World Boxing Federation world title and IBF International title shot

On 22 April 2017 he had the opportunity to become also a boxing world champion. He faced expert Jesus Antonio Rios who came to the match with a record of 36 wins (of which 29 per KO) 9 defeats, 1 pair and a No-Contest against the 16 (all won, 12 per KO) of Riguccini. The match began with difficulties for Riguccini, which on the cards after two rounds was equal to two judges (19-19) and two points for the third judge (18-20). Towards the middle of the 3rd round, he succeeded with a right-back shot of Rios, which allowed him to score a series of shots at Rios's defeat, which forced the referee (Tony Weeks) to interrupt the match and deliver the two titles to Riguccini that won for technical KO.

Future career in Mexico
Less than a month away from the boxing lightweight world title, Riguccini decided to return to the ring in a 10 rounds match in which he faces the Mexican Jesus Valenzuela at the Guasave Score Bar in Sinaloa while knocking him out in the second round. On 2 June he returned to the ring in Sinaloa and beat Mexican boxer Christian Valverde for KO in the second round bringing his score to 19–0 with 15 KOs

Alessandro Riguccini vs Edgar Puerta
On 25 November 2017 he tackled former two times WBC world silver champion Edgar Puerta in a 10-round no-title match, winning by second-round knockout after being knocked out in the first round.

Alessandro Riguccini vs Bryan Romero Castillo
On 24 March 2018 he defeated the Mexican Bryan Romero Castillo, who appeared at the match with a record of 20 wins (15 Ko) and only 1 loss, with an effective KO at 1 minute and 21 seconds of the first round thus achieving a perfect record of 21 wins (17 Ko) and no defeat.

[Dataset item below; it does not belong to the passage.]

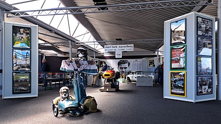 Die Jim-Clark-Sonderausstellung im Kongress-Pavillon ist mittlerweile eine feste Größe. Jürg Mallepell und seine Frau, Marie Theres, schaffen es immer wieder, mit neuen Akzenten und Liebe zum Detail das Publikum in Bann zu ziehen. Wie in den vergangenen Jahren, stellte unser Clubmitglied, Wolfgang Henseler, für die Ausstellung wieder eines seiner Fahrzeuge zur Verfügung. Diesmal diente sein Lotus Elite S1 als Blickfang der absolut sehenswerten Ausstellung.

WBC World Silver welterweight title
On 27 October 2018 he won the welterweight world WBC silver title against the undefeated Andres Villaman (14-0, 10KOs) bringing his record to 22 wins (18 KOs) and no defeats and thus becoming world champion boxing and kickboxing in globally recognized federations (respectively WBC and Wako Pro).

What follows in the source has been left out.